Once we have established a biochemical link between these diseases and we establish how we can affect that, what we really have put together then is an anti-aging program. And you’ll see this is very simple. This program consists of dietary supplements you probably already use.
As you know, heart disease is the largest killer in the United States, killing more people than lung diseases, cancer, AIDS, and accidents combined.
Homocysteine is the single most important risk factor, not just statistically, but also because it’s the easiest one to lower. It can be normalised 95 percent of the time with simple nutritional intervention.
Homocysteine rapidly induces the initial states of arteriosclerosis, and cholesterol’s effects are not apparent.
Homocysteine. What is it? Well, it’s just an amino acid. It’s a nonessential amino acid. Everybody has it. You can’t have zero homocysteine in your blood. It happens to be a very reactive amino acid.
Of the critical studies on homocysteine, the first came in 1969, and that was done by Dr. Kirner McCauley. He noticed that young children who had genetic problems that caused an elevation in homocysteine had vascular lesions very similar to older people. In fact, he went ahead and tried giving homocysteine to rabbits.
First of all, he found that the rabbits became huge, just as homocysteine in homocystinuria causes human children to become long and lanky. The rabbits got large but they also developed vascular lesions very similar to what you’d expect in a pathological situation. It was a model for heart disease.
These homocystinuriacs are very rare, but when they are placed on nutritional therapies to lower their homocysteine rate, their vascular diseases drop considerably. In a population where you would normally expect 20 vascular events, it drops down to two. And of the two vascular events they had in this population, they had some problems with
Compliance. So again, it dropped from 20 to two in the homocystinuriacs just with nutritional intervention alone.
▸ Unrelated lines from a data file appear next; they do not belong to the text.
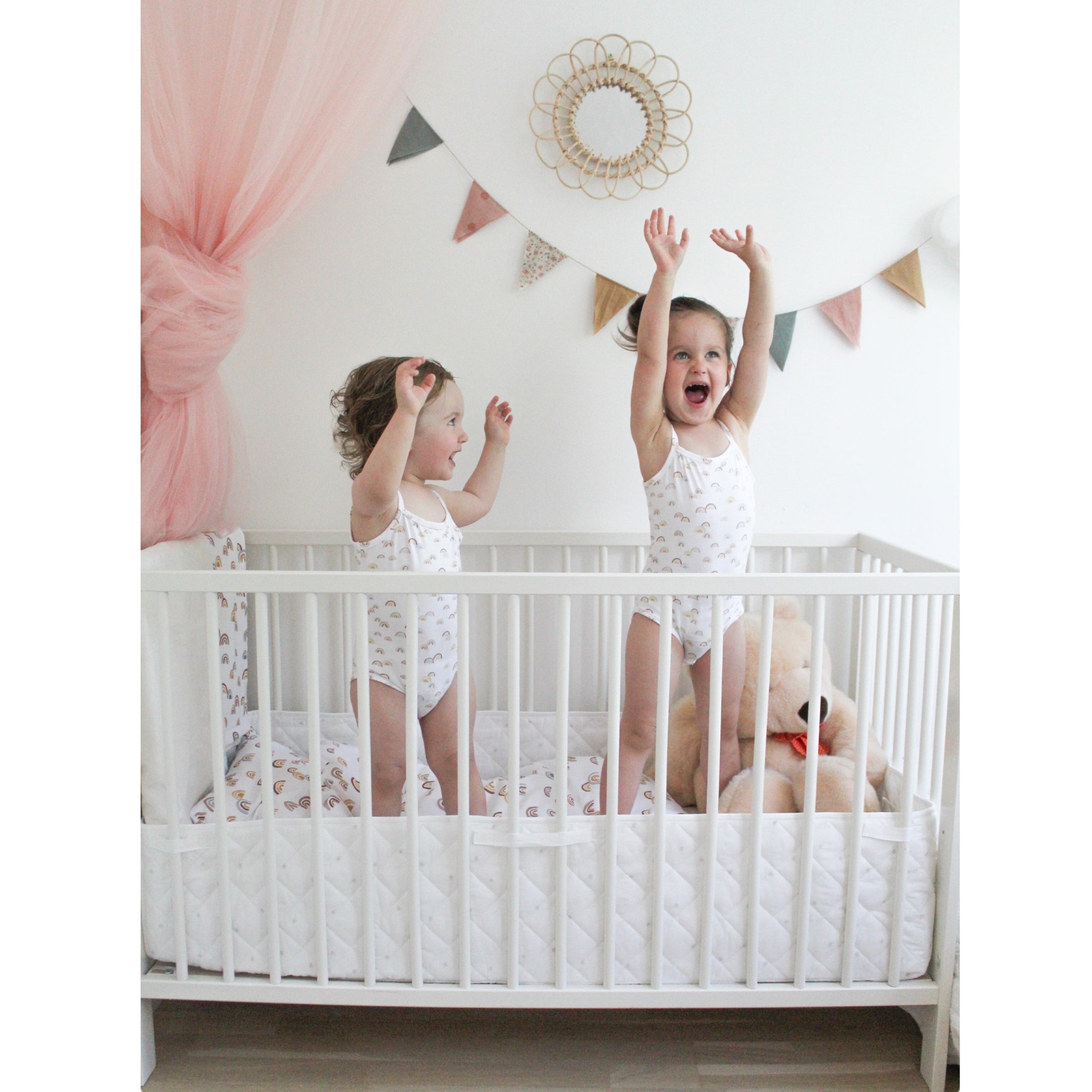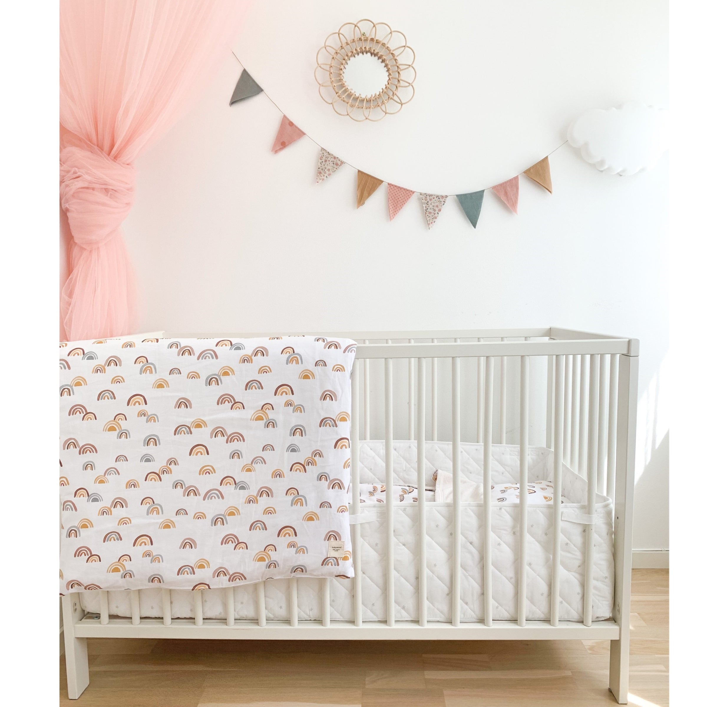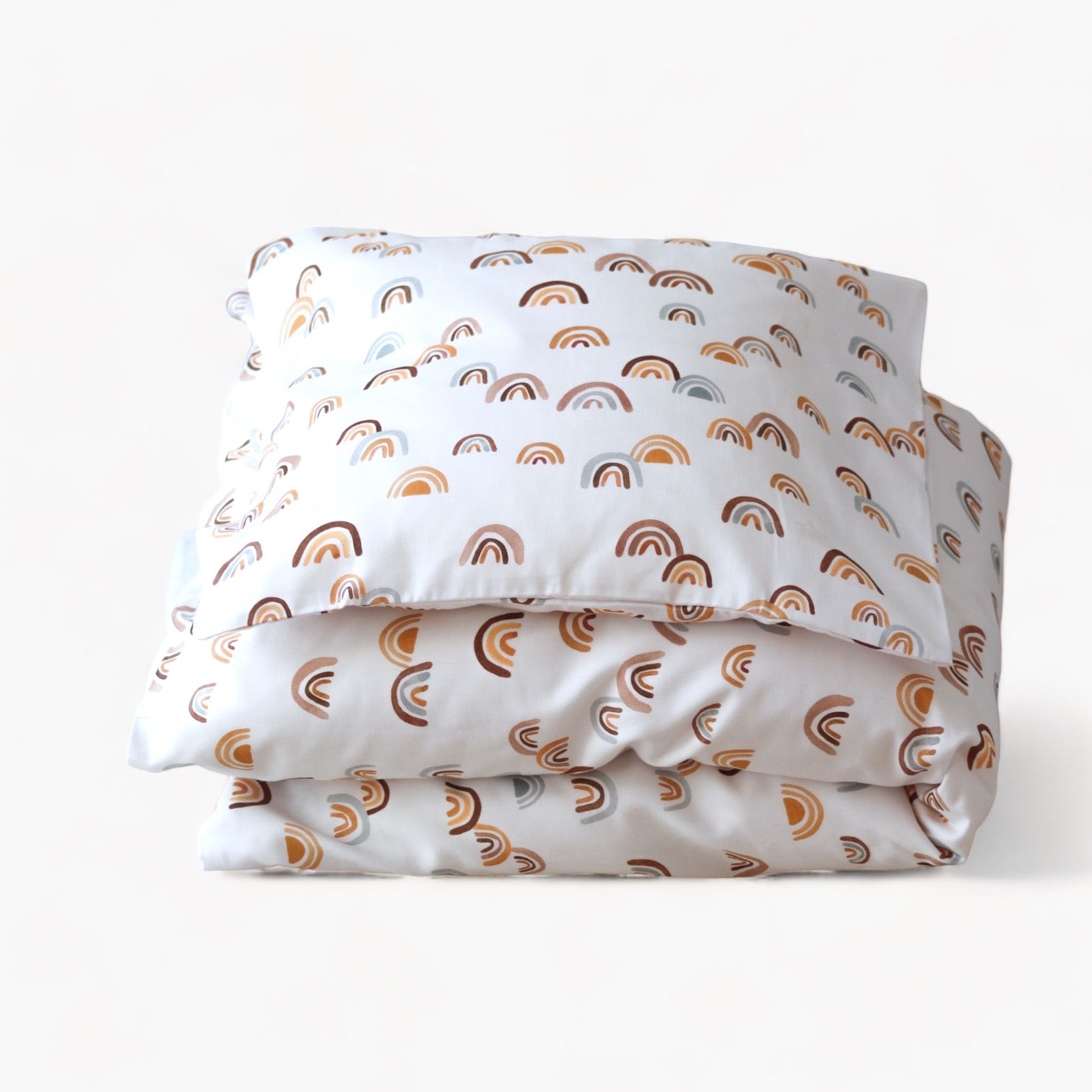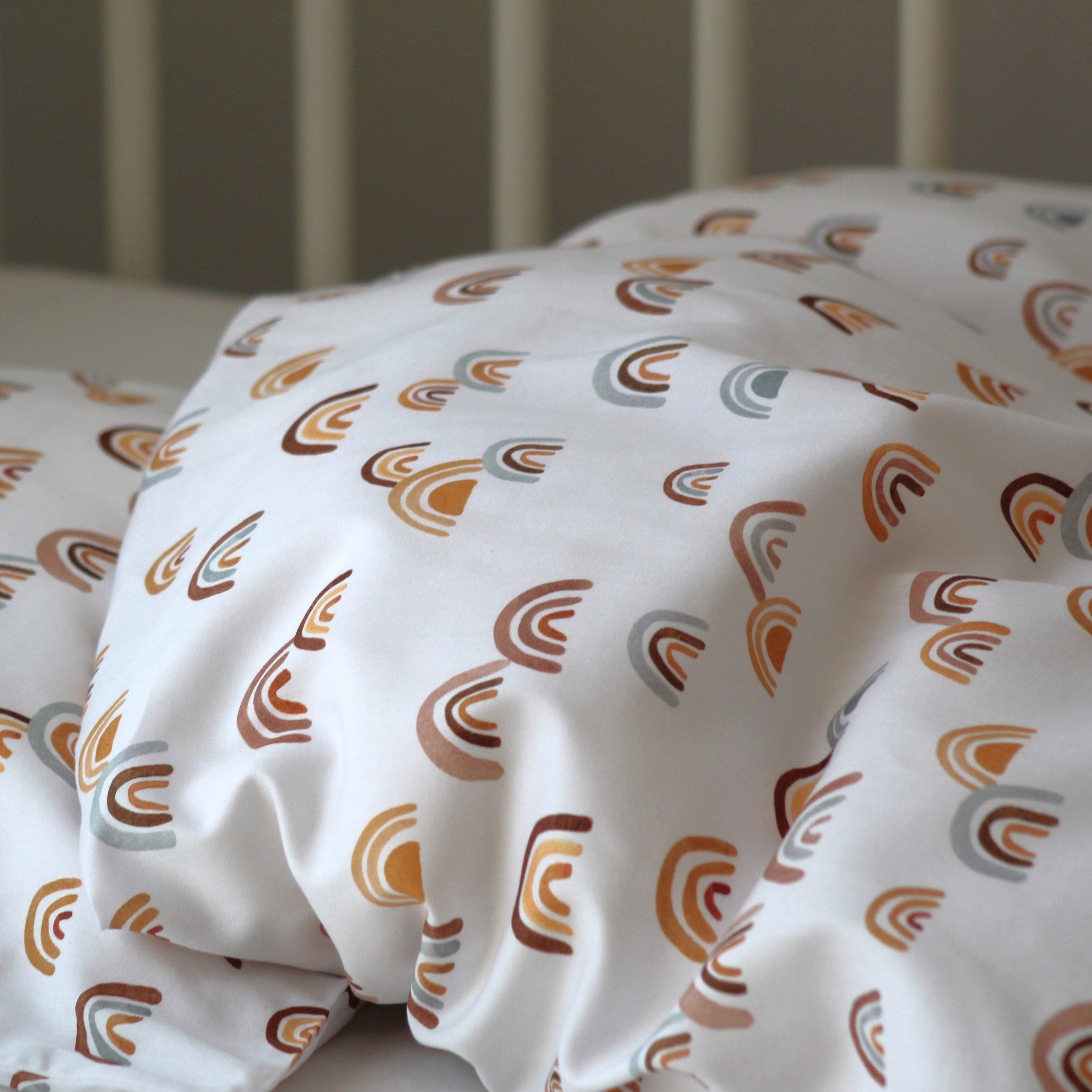 Barnesengesett av 100% satengvevd bomull med et nydelig håndmalt print RAINBOW.
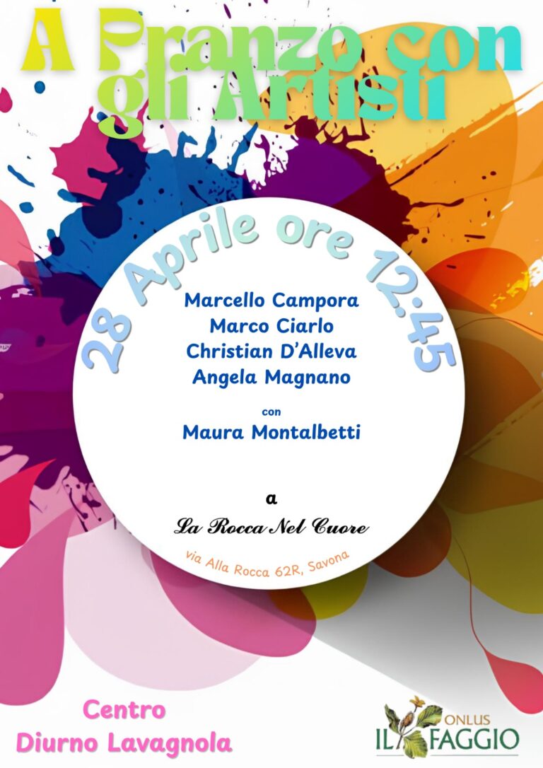 Domani, 28 aprile, alle ore 12.45, il Centro Diurno di Lavagnola organizza “Pranzo con gli artisti” presso “La Rocca nel Cuore”, in via Alla Rocca 62r a Savona.
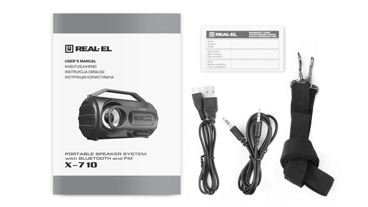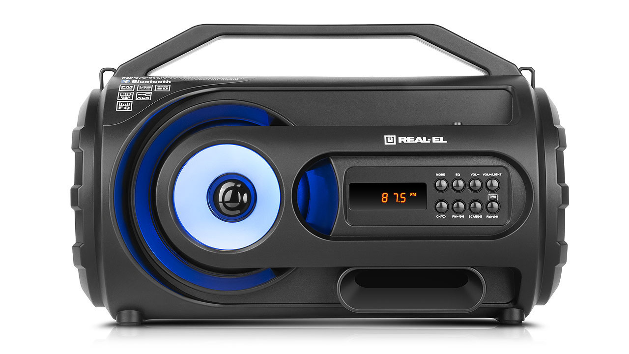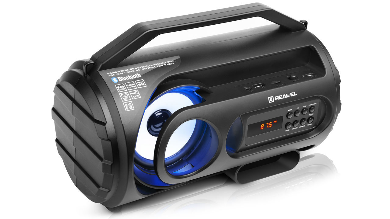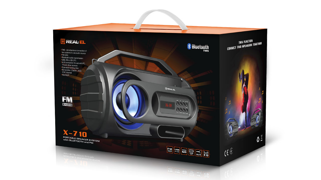 Multimeedia kaasaskantav akustiline süsteem REAL-EL X-710 omab kaasaegset disaini valgustusega ja kvaliteetse heliga. "Boomboxi" lai funktsionaalsus võimaldab kuulata muusikat ühendades mobiilseadme, arvuti, TV, sülearvutid jne, nii AUX väljundi kui ka Bluetoothi kaudu. USB ja Micro SD kaardi pesad võimaldavad kuulata audiofaile flash-mäluseadmetelt. X-710 on suurepärane kaaslane looduses puhkamiseks, 1500 mAh liitiumioonaku tagab muusika väga pikaks ajaks.
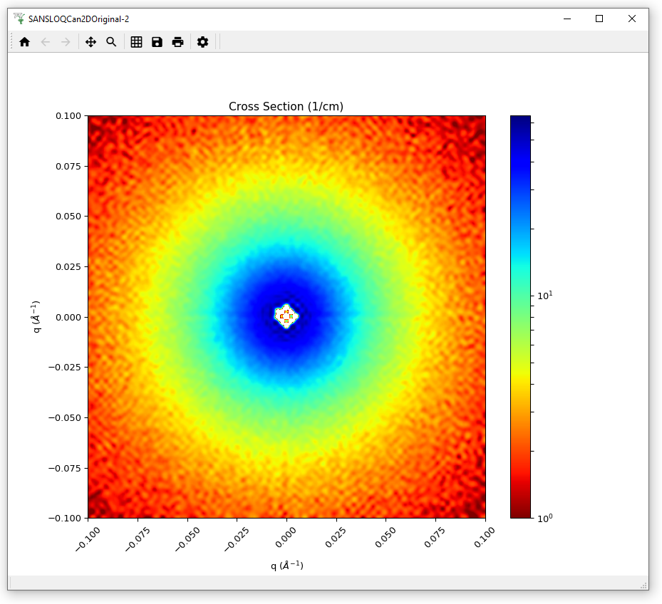 Load the SANSLOQCan2D.nxs data. This is the output of a 2D SANS data reduction. Although a Workspace2D is mainly designed to store spectra, this is just the default, and in this data the loaded axes are momentum transfer Qx and the scattering cross section, and the ‘spectrum’ axis is momentum transfer Qy.

In 1981, two researchers at MIT published a book reviewing all the different studies
on homocysteine. So, 1981 was the book from MIT, then in 1992 the Physicians Health Study was done. That’s a nice little jump of time where nothing really was done of any substance. Well, what they showed in the study of 15,000 physicians was that, yes, indeed, homocysteine was a risk factor for vascular disease.
Dr. Rene Mallana went ahead and reviewed a variety of other studies, some with 47 patients, another with 131 patients, and several others. Every single one of these studies confirmed the same thing: Homocysteine was a significant risk factor for vascular disease.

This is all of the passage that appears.